ピッチャーの投げ方には主に4種類あります。オーバーハンドスロー、スリークォーター(3/4の腕の高さ)、サイドハンドスロー、アンダーハンドスローです。それぞれボールの出所はまったく異なります。ですが共通させるべき点があることを見逃してはいけません。それは肘の位置です。ボールを投げるために腕を振る際(リリース時)、グラブ側の肩・投げる側の肩・投げる側の肘、この3点が一直線である必要があります。これが一直線でないピッチャーは、肩痛や肘痛を起こすリスクが非常に高まってしまいます。

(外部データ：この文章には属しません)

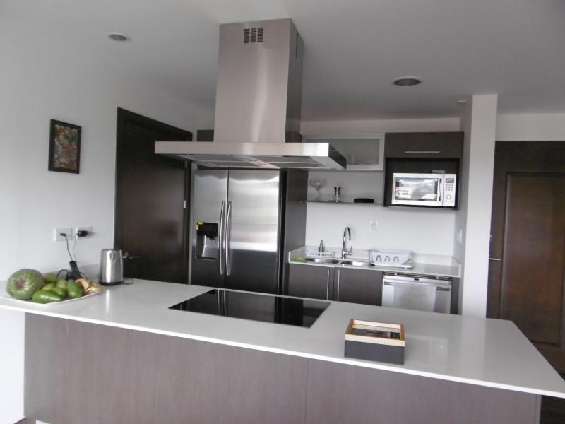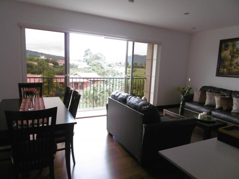 2 Bedroom Apartment in 5th. Flat in Tower in Curridabat It has 24/7 security with controlled access and beautiful views of the mountains. The apartment has a dining room, kitchen with Euromobilia type furniture with quartz top with breakfast bar, laundry room (the washing machine and tower dryer are included). The kitchen has an electric template, oven, dishwasher and extractor. Two bedrooms, the main spacious one with a large closet with sink vanity and full bathroom with furniture in the sink and air, the second large bedroom with closet, TV room or office. Full bathroom with furniture outside the bedroom to serve the social area of the apartment. The apartment has two indoor parking spaces and a good-sized storage room. It is delivered with blinds throughout the apartment. Common areas: it has a large games room with TV area, open terrace with BBQ and gym. The building has two elevators and a nice lobby to access the building. Maintenance fee $ 270 dollars per month, small pets are allowed. For Rent $1500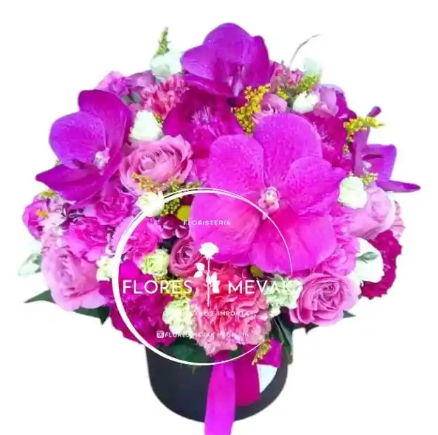 Hermoso arreglo en cilindro con rosas lila, claveles morados y orquídeas moradas, un detalle ideal para cualquier ocasión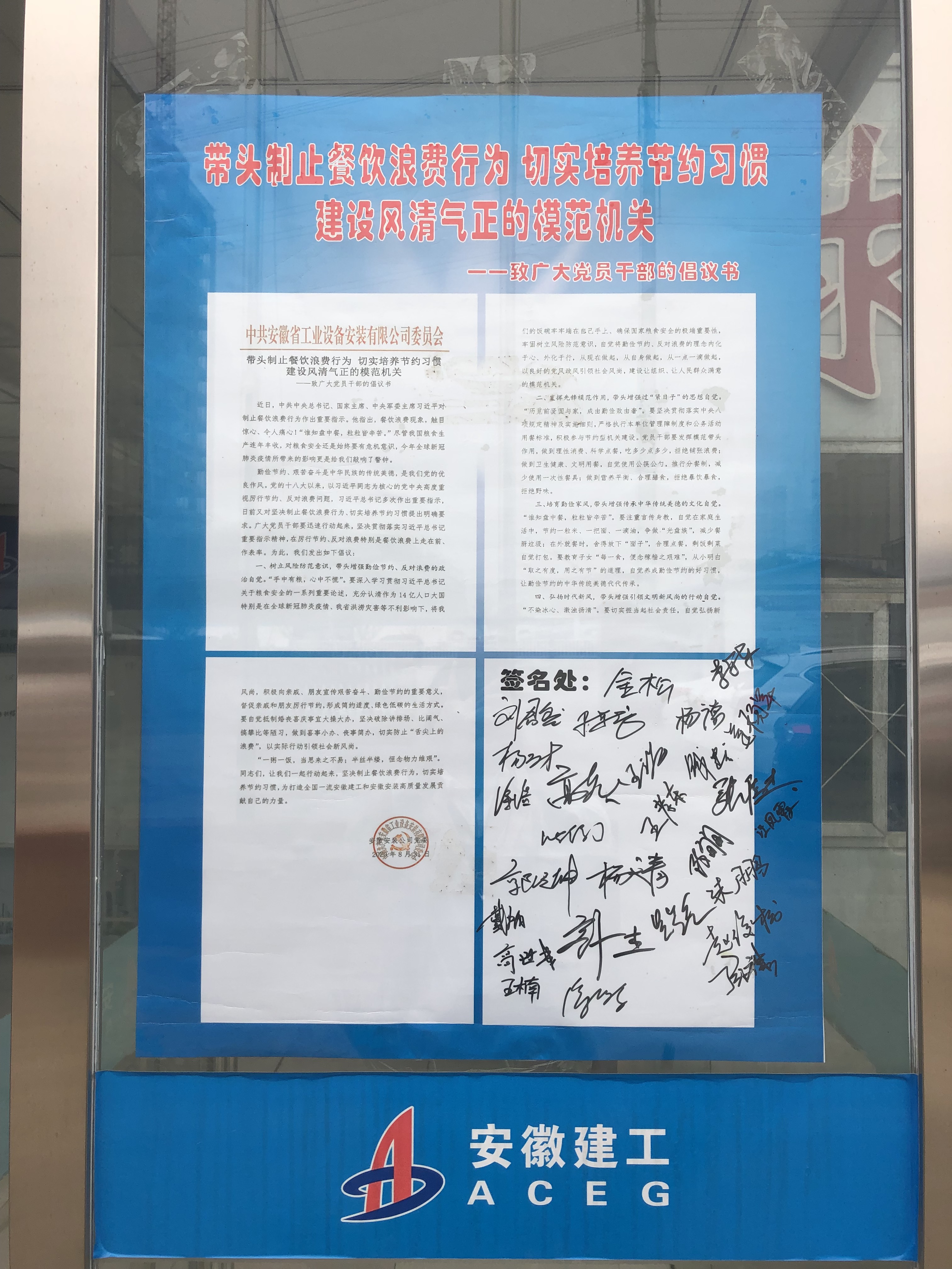 10月15日,房建(裝飾)分公司黨支部在阜陽潁東中醫(yī)院PPP建設項目組織集中學習宣傳貫徹習近平總書記考察安徽重要講話精神及開展帶頭制止餐飲浪費行為切實培養(yǎng)節(jié)約習慣的倡議簽名活動。

オーバースローやアンダースローを、振る腕の高さの違いだと勘違いされている方が多いのですが、そうではありません。投げ方の違いは、投げる時の体幹の角度の違いなのです。ボールをリリースする際、体幹がグラブ手側にグッと力強く傾くのがオーバースローで、少しだけ傾くのがスリークォーター。体幹がほぼ垂直なままリリースされるのがサイドスローで、体幹が投げ手側に傾くのがアンダースローです。この概念は決して疎かにしてはならない点です。

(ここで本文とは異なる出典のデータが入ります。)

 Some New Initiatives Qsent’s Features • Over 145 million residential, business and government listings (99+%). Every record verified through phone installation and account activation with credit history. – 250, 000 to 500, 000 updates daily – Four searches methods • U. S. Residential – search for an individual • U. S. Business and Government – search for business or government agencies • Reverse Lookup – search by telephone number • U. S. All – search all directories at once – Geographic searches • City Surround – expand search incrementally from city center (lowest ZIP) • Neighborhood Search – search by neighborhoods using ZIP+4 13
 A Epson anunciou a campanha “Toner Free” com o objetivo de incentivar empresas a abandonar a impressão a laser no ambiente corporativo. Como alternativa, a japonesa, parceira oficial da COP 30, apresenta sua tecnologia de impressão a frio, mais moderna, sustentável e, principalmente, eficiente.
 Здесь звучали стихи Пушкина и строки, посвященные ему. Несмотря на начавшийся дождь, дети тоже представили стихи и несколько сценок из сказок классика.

例えば体幹が垂直な状態、つまりサイドスローの状態で、腕だけをオーバースローのように高く上げて投げてしまうと、両肩と投げる側の肘が一直線の関係ではなくなってしまいます。一直線でなくなるということは、それは肩痛を引き起こす大きな原因となります。
反対に体幹だけグラブ手側に傾かせるオーバースローの状態で、腕だけをサイドスローにしてしまうと、肘の位置が大きく下がってしまいます。これも当然肩痛や肘痛の原因となります。
人間の身体のメカニズムは、腕を両肩の高さよりも上に上げるようには設計されていません。つまり、上腕骨の角度が両肩を結んだラインよりも高くなってしまうと、それだけで肩には大きな負担がかかってしまいます。年齢を重ねて筋力が衰えると四十肩、五十肩になって腕が肩よりも上に上がらなくなってしまうのはそのためです。

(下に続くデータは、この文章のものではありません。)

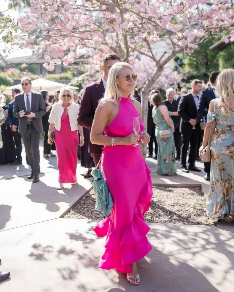Dramatic fuchsia gowns with layered ruffles bring grand occasion energy to spring weddings. The balanced halter neckline ensures sculptural formality, while tiers create stunning movement.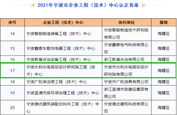 發(fā)布日期:2022.09.15 近日,寧波市發(fā)展和改革委員會、寧波市經(jīng)濟和信息化局、寧波市財政局、寧波市科學(xué)技術(shù)局聯(lián)合發(fā)文,公布2021年寧波市企業(yè)工程(技術(shù))中心認定名單。我院為主體申報的“寧波水利水電... -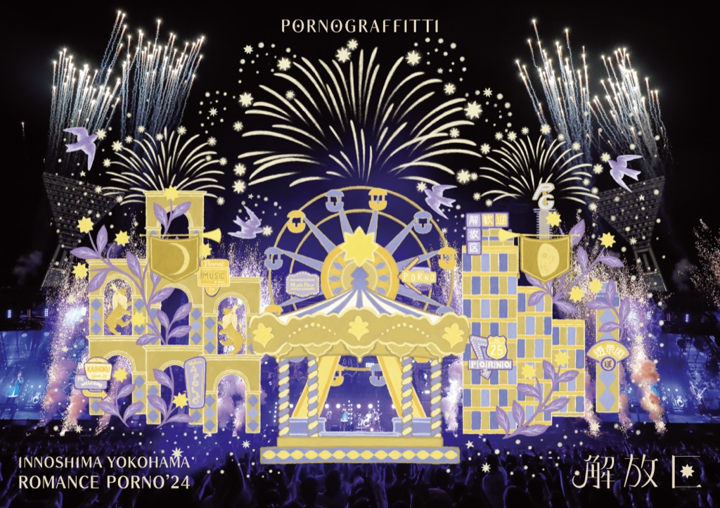 ポルノグラフィティが、メジャーデビュー25周年を記念して開催した<因島・横浜ロマンスポルノ’24 〜解放区〜>の映像化作品を9月3日にリリースする。このたびパッケージデザインと特典内容が公開された。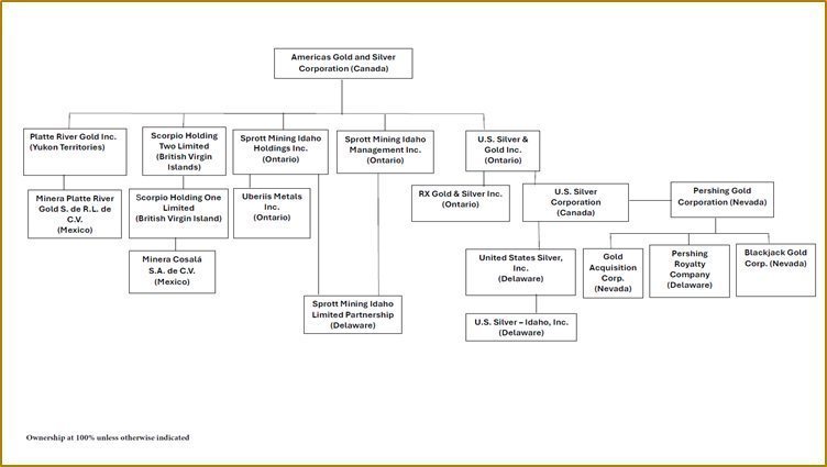 Figure 1. Americas Gold and Silver Corporation’s organizational structure.
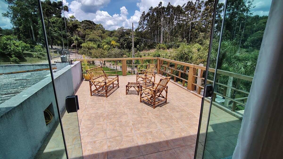 Casa súper acogedora, con chimenea ecológica, parrilla y estufa de leña. Fogón en el exterior con banco para disfrutar y charlar al aire libre, mesa de comedor con seis asientos, balcón exterior alrededor de toda la casa con bancos para disfrutar de la vista con tranquilidad. Lago lleno de carpas, con mucho espacio para toda la familia. Internet de fibra óptica de 300 MB. Mucha privacidad y comodidad a solo 15 minutos del centro de Campo Alegre y a menos de 10 minutos de Rampa do Bugio.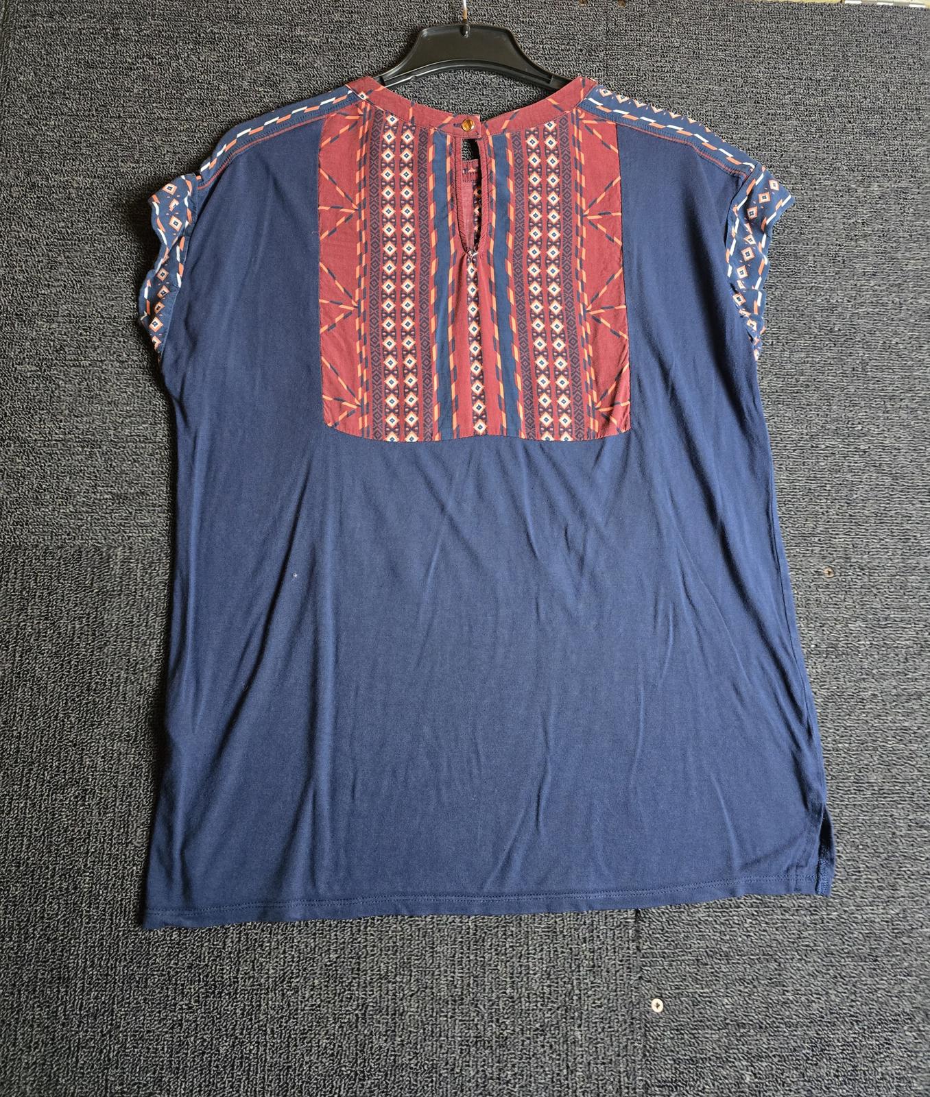 Preloved t-shirt in navy & burgundy, ideal for casual wear.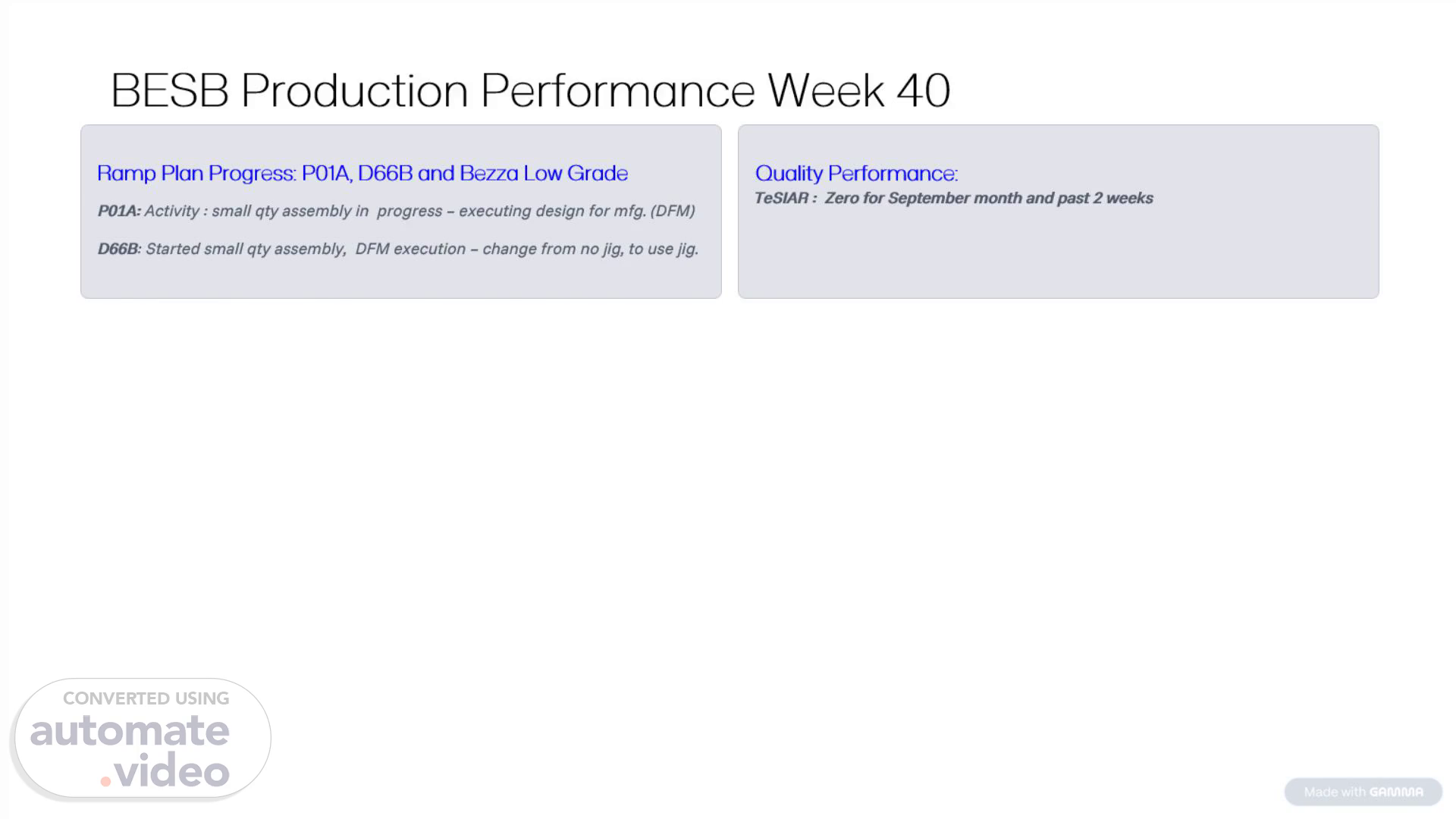 [Audio] BESB Production Performance Week 40 Ramp Plan Progress: P01A, D66B and Bezza Low Grade Quality Performance: TeSIAR : Zero for September month and past 2 weeks P01A: Activity : small qty assembly in progress – executing design for mfg. (DFM) D66B: Started small qty assembly, DFM execution – change from no jig, to use jig. Dedicate team to focus on quality execution, Perodua visited the line and passed. Yield Performance OEE Performance Exceeding 90% target across all lines: Outstanding yield performance across production stages: SMT Line 1& 2 average : 96% vs target 90% SMT Yield: 95% (target: 90%) Final Assembly Lines : 90% vs target 90% Final Assembly: 97.5% (target: 95%) Delivery Excellence Cost Management Maintenance expenses well within budget: Delivery performance: Audio: 100%, Month to Date Qty shipped 1488 units (as of 2 October) MTD: RM2,470 (Budget: RM20K) Heacon: 100%, Month to Date, Qty shipped 1552 units shipped Perodua: Power Socket for Perodua, En Mazni glad that Betamek is working on further cost down for customer satisfaction Good afternoon, For Production Update Highlight the strong performance of BESB production this week, with zero quality issues, high yields meeting above targets, and 100% delivery for Audio of 1488 units and Heacon of 1552 units to customer Perodua. Team has started the assembly build for P01A of 9 parts and D66B new SUV infotainment small volume in phases for the delivery in end Nov2025. Design for Manufacturing tool is being used daily for all the process steps enhancement from the R&D stage to actual production eliminating mistakes, using po ka yo ke approach and kaizen approach systematically. Quality first mind set is part of production zero defect initiatives. Team also has successfully conduct trial for night shift with small crew of 8 person running SMT without any issues. Perodua has visited on the new line for D66B and has given a nod that the line is ready and passed the audit. On another note, En Mazni of GM, Perodua PVM, glad that we continue to work on cost down for the power socket..

両肩を結んだラインと投げる側の肘が一直線になるというのは、いわゆる0ポジションと呼ばれる状態です。0ポジションに関しては別記事にてまた詳しく述べますが、0ポジションというのは肩周りの筋肉を均等に満遍なく使ってボールを投げられる状態のことです。つまり肩周りの一部の筋肉を酷使することがないため、それだけ肩痛になるリスクは減り、野球肩にもならず、肩は消耗品だという考えも捨てられるようになります
とにかく大切なことはどんな投げ方であっても、両肩を結んだラインと投げる側の肘は一直線の状態でボールをリリースするということです。これができていれば、そう簡単には肩を痛めることはないはずです。逆に肩が痛いという場合は、一直線になっていないことがほとんどだと思ってください。